The thermostability and activity of N-terminal and C-terminal to XynA
We compare the crystal structures of XynA with other GH10 family enzymes. Of note, only the GH10 domain is in the other protein structures mentioned above, the N-terminal and C-terminal domains are unique for XynA (Figure 2A ). The typical GH10 domain is well conserved in GH10 family, as evidenced by the low RMSD (1.599 Å) of structural superimposition of XynA, TsXy1A and SlXyn10A. In order to explore the effects of N-terminal and C-terminal on XynA, we constructed deleted residues 1-67 named XynA_ΔN and deleted of residues 327-408 named XynA_ΔC. Only XynA_ΔN37 (delete residues 1-36) expresses soluble protein, XynA_ΔC has been unable to express soluble protein. We tested the activity and thermal stability of XynA_ΔN37 protein. We found that the melting temperature of XynA_ΔN37 is 71.32 °C, which is 2.21 °C lower than that of XynA (Figure 2B ). XynA_ΔN37 has a significant increase in the hydrolytic activity of the three substrates BWX, WAX and barley β-glucan (Figure 2C ). Since 71.32 °C is a relatively high melting temperature in xylanase, the difference in melting temperature between XynA_ΔN37 and XynA can be ignored. We believe that XynA_ΔN37 increases the activity while maintaining the original thermal stability. The N-terminal and C-terminal form the handle of this ”mug” together. We find that the N-terminal residues Arg25, Asn29, Arg31, and Arg36 establish abundant hydrogen bond interactions with the residues Glu296, Arg300, Phe303, Ser304, His305, and Val308 at the body GH10 domain (Figure 2D ). Similarly, the C-terminal residues Val330, His332, Arg342, Tyr343 and Glu344 form extensive hydrogen bond interactions with residues His89, Glu296, Phe316, Trp317, and Ala318 of the GH10 domain (Figure 2E ). The residues participated in hydrogen bond interactions are all located in α-helices and loops. The difference between XynA and other GH10 families exists in the N-terminal and C-terminal domain. The C-terminal residues (Glu338-Glu349) form α-helix12, which makes the classical (α/β)8 TIM-barrel fold more complete. The N-terminal (α1, β1 and β2) and C-terminal domain (α12, β11-β14) is partially crossover, and there are two α-helices and six β-sheets that are adjacent to the TIM barrel.
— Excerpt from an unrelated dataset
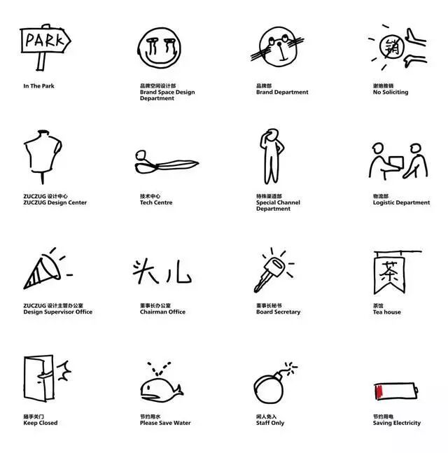 小知找到了一些不同风格的优秀导视系统案例,一起来看看吧!一般情况下,办公区每层楼入口处都会有一个平面图,展示本层楼的空间分布和空间名称。Kidzania美国办公室的平面导视图,用阴影、白色、绿色来代表不同区域,功能分布一目了然。积木撘成的平面分布图让人眼前一亮。不仅展示了功能区分布、各功能区的作用,而且积木块的使用,让这个分布图更加立体,易于记忆。下面这个平面图,各个区域层叠打造出了2D效果。渐变蓝色和白色的组合更加突出了空间内的通道,整体充满了科技感。楼层标识也要有设计感。德国屋顶贸易公司sokadach把楼层数字做成跟墙面一样高,旁边还配上了所有楼层的功能介绍指引。不仅是标识,也是一种装饰。四维图新的楼层标识设计也极具特点,每一个数字中的一部分,都是由一个点出发,通过线的缠绕连接到达另一个点来。就好像是地图上的点与点之间的连线,经线和纬线相互交织交缠,构成企业内部协作和企业文化基因互通的“经纬网”。坐落在韩国的爱茉莉太平洋总部,在楼层设计上融入了民族文化的元素,简单几何线条勾勒出山、水,简约而不简单。Werkheim Uster办公室标牌导示设计由原木颜色和简单的立体数字线条组成,打造出一种自然舒适的格调。农夫山泉楼层的导视用阿拉伯数字去呈现,每个楼层对应的数字在同一边,构成了一个整体。(强迫症人士表示极度舒适)新浪总部用英文字母划分办公楼区域,亮色和立体浮雕风格的运用,中和了整体灰色调的严肃氛围,十分醒目。谁说楼层标志一定要在空中?广田集团总部这样把数字做成立体落地式就很值得借鉴!鲜亮的颜色打造视觉焦点,立体设计让它不仅是指引导视,更像是空间里的一个摆件,个性十足。新浪总部把指路牌做成盒子状,鲜亮的绿色为空间增添活力,简单的字体与图形简洁明了,很有科技公司的风格。德国sokadach把方向指引和空间分布相融合,线条简单,形式巧妙。Patane图书馆导视设计表现出了文化中的沉淀与稳重。木色长方块造型复古,白色字体时尚简约,无声中展现了建筑本身的历史与文化。Kidzania美国办公室的的标识系统结合了内部工业风的装修风格,使用大量的喷漆、模具和大标志,画在地面的指引使整个空间简洁而干练。从不同的会议室标志,我们能直接看出这个公司的气氛。端正的罗马数字、规则的线条阴影还有鲜亮跳跃的颜色运用,把广田集团的稳重而不失活力的形象展现得淋漓尽致。时装品牌ZUCZUG在上海总公司导视系统设计中,运用了大量的可爱图形。会议室的圆脸团自带萌点,看见它,开会再也不是一件让人压力山大的事情了~农夫山泉办公室导视系统设计融合了公司的设计风格,用极简的线条去描绘每个领域的功能。会议室的图标,用对话框的表现形式搭配上三个圆点,展现区域功能的同时,弱化了严肃感。如果用一个图形代表茶水间,你会想到什么呢?农夫山泉选择了用一个圆滚滚的水壶来做标识。水壶是茶水间的功能体现,而圆滚滚的造型,则让人在走进去之前,就开始放松了~sokadach用一杯热咖啡来代表茶水间,形象的图案仿佛在说:来喝一杯热咖啡休息一下吧!要说哪里能低调地展现空间设计感,卫生间肯定当仁不让。爱茉莉太平洋集团把经典的火柴人造型做了变化,流畅的线条、富有质感的金属材质,无一不在彰显着集团的时尚力。ZUCZUG上海总公司导视的图形使用了网络图形绘制,手写版「女」「男」,还有简单形象的禁止吸烟造型,幽默有创意,让办公室氛围更加轻松。伸长的手臂不仅指明了方向,还能让人读出其中的潜台词:客官~您这边儿请~~(请用北京口音朗读)门上图案与地毯相连,不仅巧妙地指引了方向,还形成了一种落日余晖般的投影效果。当不采用简单几何线条,而把厕所的导视设计赋予性格和身份,这样是不是就更有趣了?除了主要功能区,小知还发现了两个很有设计感的标识。Patane图书馆储藏室,用一把锁来表示,是不是十分形象?不仅代指储藏室,还能提醒你记得锁门。农夫山泉在门上写了「推」「拉」两个字,设计与使用性俱佳。对于园区导视系统来说,主要呈现的是建筑物的分布和行进路线。位于莫斯科南部的一个新型综合生活区Yasny的导视很值得借鉴。他们他们采用鲜艳的颜色来吸引视线,圆润的不规则形状和简约线条,清晰地展示出建筑信息。路牌式的方向指引多用在路口。采用鲜艳的色彩能巧妙地引导行人来往于各个重要空间 、明确标示的平面图更协助人自我定位,进而能计划如何去目标地。在导视系统设计中,停车场系统往往容易被忽略。停车场标识在跟整体统一的同时,应该多使用饱和度较高的鲜艳颜色。由于偏暗的光线及车辆的繁杂,醒目的色块更能引起注意,提醒来往人员车辆,避免出现意外。农夫山泉停车场的标识就打破了极简的性冷淡风,用比较亮眼的绿色、黄色的几何色块作为底色,搭配上相应代表性的图案,以此来作为引导。导视设计是一个完整性、规范性的系统。它不仅提供空间信息、帮助认知、理解、使用空间,同时也是建立人与空间之间更加丰富、深层关系的媒介。做好导视系统的设计,不仅能让导视拥有更好的实际效果,还能提升环境发展价值和服务品质,同时也是企业文化的展现。 #今日互动#

Sequence and structure analyses of XynA with other GH10 xylanase
To find the catalytic residues of XynA, we performed multiple sequence alignments of XynA with five GH10 family enzymes, namely CbXyn10C (C. bescii ), SlXyn10A (S. lividans ), BsXynA (Bacillus sp. ), TmXynB (T. maritima ) and TsXy1A (T. saccharolyticum ). Among them, XynA, CbXyn10C and SlXyn10A are xylanases with xylanase and cellulase activity. BsXynA, TmXynB, and TsXy1A are strict xylanase enzyme. We find that the residues in the GH10 domain, such as Phe90, Glu96, Lys100, Gly133 and Trp137 are much conserved(Figure 3) . Though XynA and BsXynA both come fromBacillus sp., BsXynA is a traditional GH10 family xylanase that only catalyzes the degradation of xylan (Zhou et al., 2014a). The architecture of GH10 domain is similar in XynA and BsXynA, but the subtle sequence difference in fifteen residues indicates that these sites may determine the monofunction or bifunction (Figure 3 ). By structural superposition and sequence comparison among CbXyn10C, SlXyn10A, TmXynB, TsXy1A and XynA, we infer that Glu182 and Glu280 are putative catalytic residues of XynA (Chu et al., 2017; Han et al., 2013; Ihsanawati et al., 2005; V Ducros et al., 2000). Further analysis indicates that most residues related to monofunctional and bifunctional activity are conserved and overlapped, containing Glu96, Asn97, Lys100, His133 and Trp137. The residues specific to bifunctional activity include Tyr216, Asn217, Ile223, Trp257 and Tyr288.